Today, we are excited to announce that Oticon Medical has extended its partnership with Greenlight Guru Clinical for another 3 years.

All celebration aside, we wanted to get a closer understanding of what’s inspired Oticon Medical to remain such a loyal client, the impact our clinical data solutions have had on their business, and the platform features they’ll be looking to in years to come on the road of continued clinical excellence.
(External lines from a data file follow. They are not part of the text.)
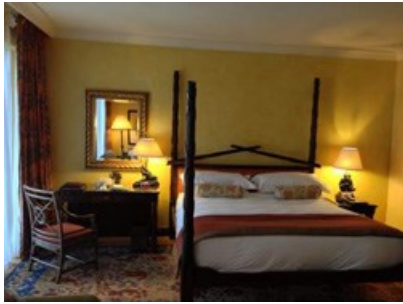
And after all that imagination running riot, where better than a comfy bed.

The Valley of the Waves is as impressive today and much more fun to visit in mid-winter as there were just a handful of others there. The water was too chilly to swim in for long but, compared with the wet Cape Town weather I'd left behind, simply being in the sun was bliss.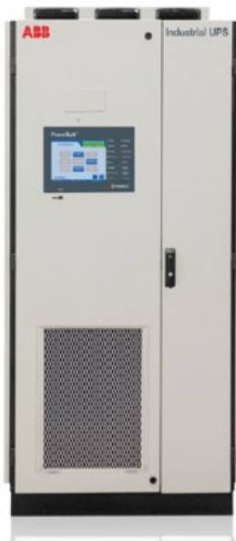
Cyberex® PowerBuilt™ Industrial UPS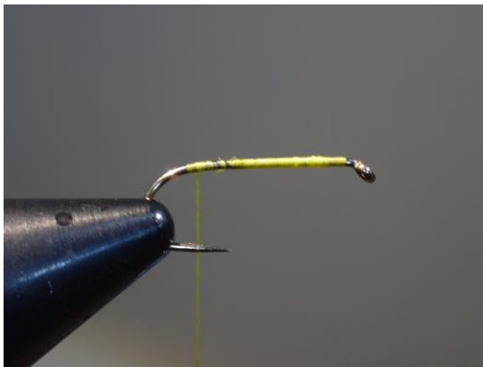
1 Tie in the thread at the eye of the hook and wind it in close turns to the beginning of curvature of the hook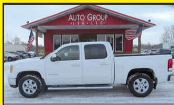
2009 GMC SIERRA 1500 SLT 4WD $20,900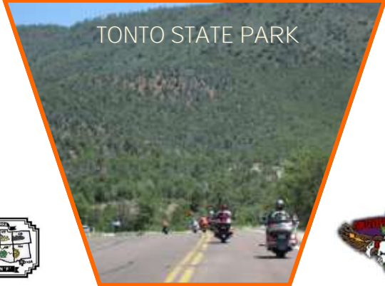
TONGO STATE PARK

Oticon Medical’s partnership with Greenlight Guru Clinical began

When Oticon first came to Greenlight Guru Clinical (formerly SMART-TRIAL) in 2018, they were looking to upgrade their methods of data collection. The general purpose tools like paper-based forms and survey software had become frustrating and inefficient to manage, as too much time was being spent manually transcribing data. As a result, the company was lacking in data transparency and the usage of internal resources on data management was high. 

Oticon selected Greenlight Guru's EDC software as the solution that could minimize and/or eliminate the use of paper, help improve compliance with industry standards and regulations and be easy to use. 

The first use of Greenlight Guru Clinical at Oticon Medical was for ongoing data management of their Ponto sound processor product—one which enables those with a partial hearing loss to understand what others are saying by protecting speech clarity and fading out background noise.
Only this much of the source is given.